If you’re trying to decide where to go for dinner, you can easily compare restaurant expensiveness online. Inexpensive restaurants are usually designated with one dollar sign, while expensive restaurants have three or four.
But if you need to get care at a hospital, how can you know which are the most and least affordable? Depending on where you live, you could have a handful or dozens of choices—and until now, there was no way to see which are generally expensive, inexpensive, or average.
Amino users now have access to Amino’s Facility Imaging Cost Rating. These are cost ratings designed to rate the relative expensiveness of imaging facilities where you can get MRIs, X-rays, CT Scans, and more. The Facility Imaging Cost Rating is an easy to understand, symbolic system of dollar signs ranging from one dollar sign denoting “inexpensive” to four dollar signs denoting “expensive.” It appears on the profiles of imaging facilities (including hospital-based imaging and freestanding imaging centers).
This makes it easy to compare imaging facilities by relative costliness. At a high level, you can see which are most expensive, which are least expensive, and which are just about average. You can also add your health insurance carrier to see a dollar sign specific to your insurance. By default, your imaging search results will be sorted with Smart Matches first.
Amino’s Facility Imaging Cost Rating is built on the Amino Facility Imaging Cost Index, which allows us to measure the expensiveness of any given imaging facility based on outpatient fee-for-service procedures. Currently, nearly 16,000 facilities have an imaging cost index and therefore a Facility Imaging Cost Rating. Facilities that lack a cost index—and therefore do not have a Facility Imaging Cost Rating—get an “N/A” symbol that looks like this:
To develop the Facility Imaging Cost Index, we compare costs of services for different combinations of facilities and insurance payers. Amino’s data includes about 35,000 facilities, 125 insurance payers and 6,500 procedures. This amounts to 3.5M cost observations since the beginning of 2016 from over 100,000 combinations of facilities and payers. For outpatient imaging services, our data shows that costs tend to be proportional—i.e., if a facility is more expensive than another for one service, it is also expensive for a different service. In fact, it is more expensive by the same proportion. Consider a hypothetical example of two facilities A and B. We can compare the costs of two specific procedures for a private insurance payer:
|Facility A||Facility B|
For procedure X, Facility B charges 1.25x more than Facility A. The same is true for a different Service Y. We could say Facility B is 1.25 times expensive than Facility A. So if Facility A is assigned cost index of 2, we want to assign Facility B a cost index of 2.5. Note that the cost indices for the same facility could be different for a different payer. We use the costs observed for one of the major payers across facilities as the baseline for costs, and compute cost indices for different facility payer combinations as multipliers on top of those baseline costs. This approach adjusts for variation in costs due to location.

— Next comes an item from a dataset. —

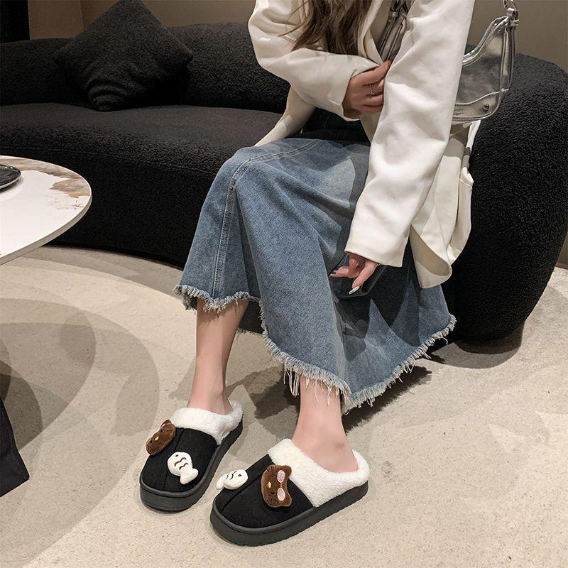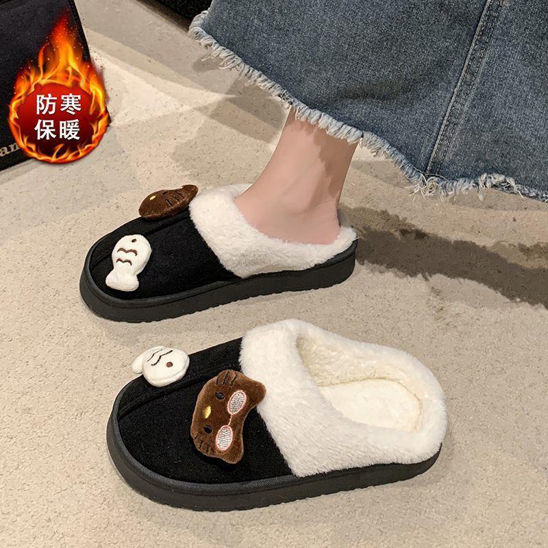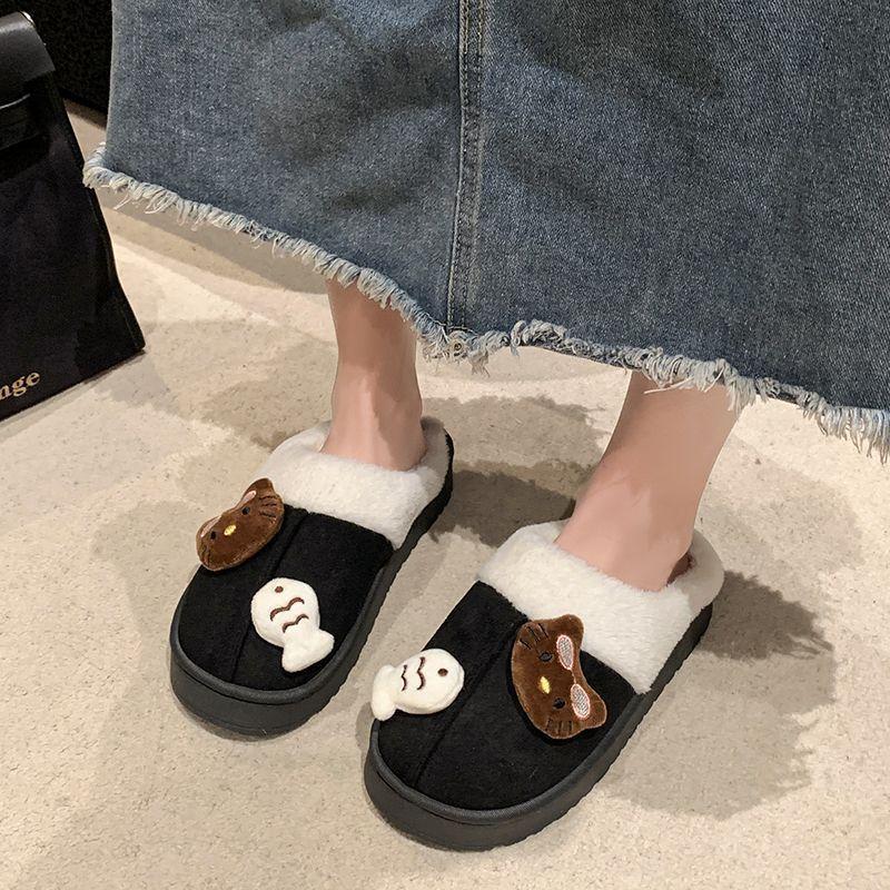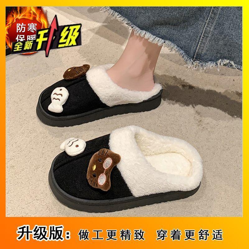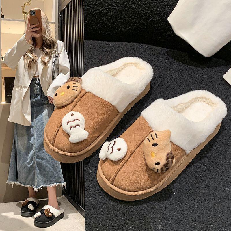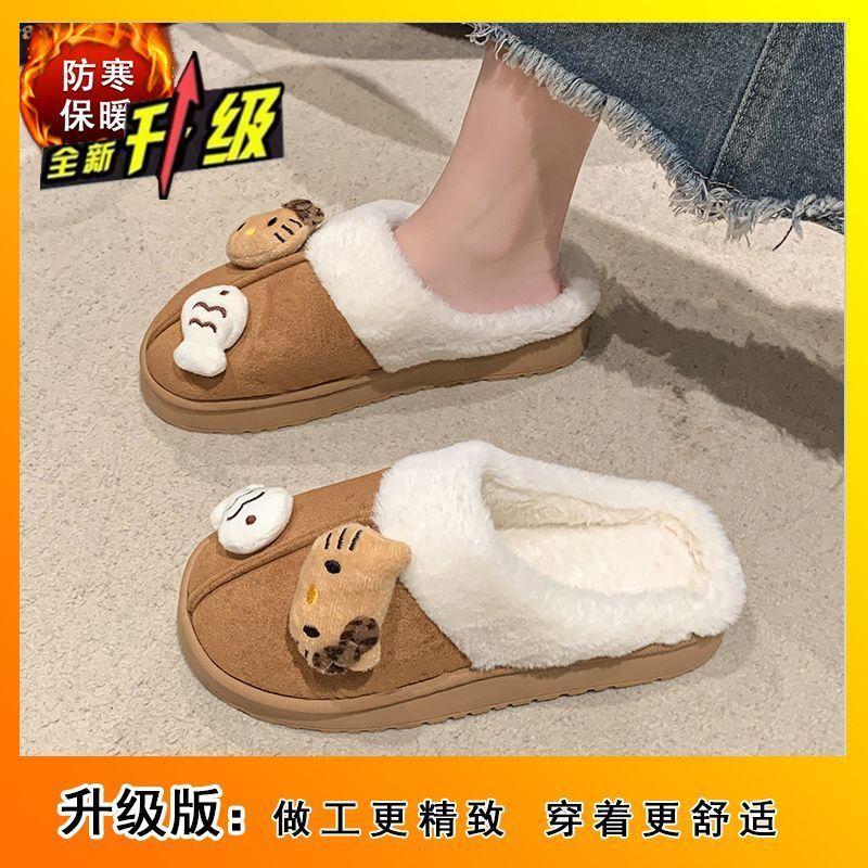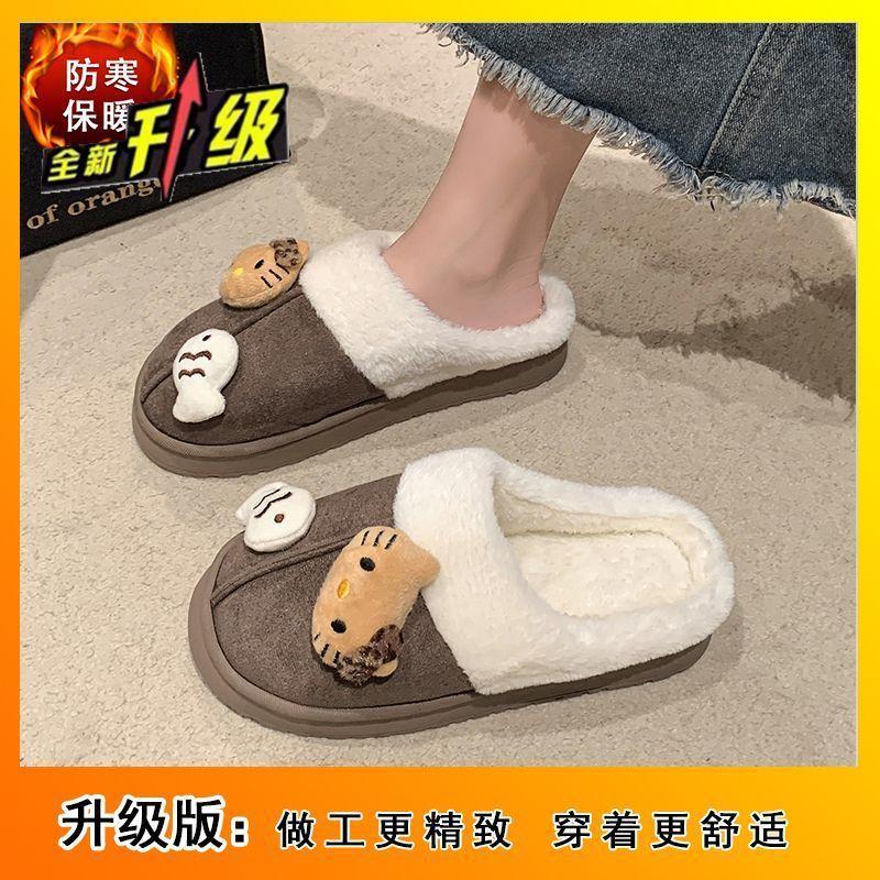 Теплые и удобные нескользящие пушистые тапочки милый мультяшный котенок толстая подошва хлопковые тапочки 2025 осень и зима новинка

Below is a real data sample comparing outpatient costs observed at a facility for a private insurance payer and the baseline.
From the plot, you can see a linear relationship between the two payers. The slope of this line reflects the cost index that we calculate for that facility-payer combination.
In reality, healthcare contracts are very complex and depend on a variety of factors including provider, payer, facility type, facility location, procedure, patient diagnosis, and so on. Our goal is to find a significant enough pattern in the prices across facilities so that we can order facilities by expensiveness. We believe that estimating multipliers using outpatient imaging procedures across facility and payer combinations serves this purpose.
Once we have the cost indices, we calculate the national average of all cost indices across all private insurance payers and a national average cost index for each payer. Next we compare each facility’s payer cost index to the national average cost index in order to determine its relative expensiveness.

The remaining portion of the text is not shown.